In a study of 1,163 South African senior managers, an astounding 74% of respondents reported instances when they or others failed to speak up effectively when a peer did not pull his or her weight. 50% reported a failure to address disrespect and 48% of employees let peers slide when they skirted important workplace processes.

According to the data, the majority of the workforce is guilty of similar conversation failures. Specifically, half waste seven days or more avoiding these crucial conversations and 34% estimate they waste two full work weeks or more mulling over the problem. Our respondents estimate their avoidance costs their organisations between R100,000 and R200,000 per conversation in time and resources, with 28% estimating the cost to exceed R500,000.

The research also shows that employees are not having the right conversations and in most cases they are unable to address the disagreement. Instead of speaking up, people report engaging in resource-sapping avoidance tactics including complaining to others (60%), doing unnecessary work (58%) and getting angry about the problem (41%).

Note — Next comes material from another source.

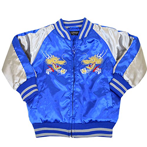 スカジャン ドラゴン 龍 刺繍 子供用 キッズ ジュニア 中綿 ジャンバー ブルゾン fo-337400 110cm 青×シルバー
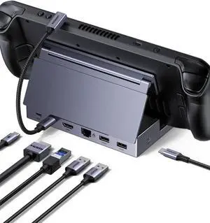 Docking Station for Steam Deck and for ROG Ally, 6 in 1 Handheld Game Console Dock, 1 4K 60Hz HD IM Output, 1 1000Mbps Ethernet Input, 2 USB A 3.0, 1 USB C

Is a failure to communicate wasting more than just time?

Vermaak says that many individuals lack the skills that enable them to speak up – providing direct feedback, even if it risks disagreement. “The problem is not that there are problems, the problem is that people don’t know how to effectively deal with the problems.”

And beyond the jaw-dropping dollar figures, the secondary costs are also alarming. Respondents report that these conversation failures had damaging effects to employee morale and engagement, relationships, corporate culture, project timelines and budgets and organisational reputation.

“Behaviour needs to match the brand and if it doesn’t, no amount of time and investment can make it successful,” says Jay Owens, Director at The Human Edge. “Accountability on all levels is vital and by creating an environment of open dialogue, managers are able to focus on the strategic thinking.”

Owens likens organisational culture to a chocolate brownie study undertaken by the company’s US partner, VitalSmarts – see the study here. He says management needs to identify the undiscussables in their organisations – what are people not being honest and up front about, what are they not saying and how is this affecting organisational performance?

Vermaak says that this study confirms that one of the most costly barriers to organisational performance is unresolved crucial conversations. “Knowing how to speak up means not having to waste time avoiding crucial issues, because you have the confidence and skills to raise them in a way that leads to productive dialogue, improved results and healthier relationships.”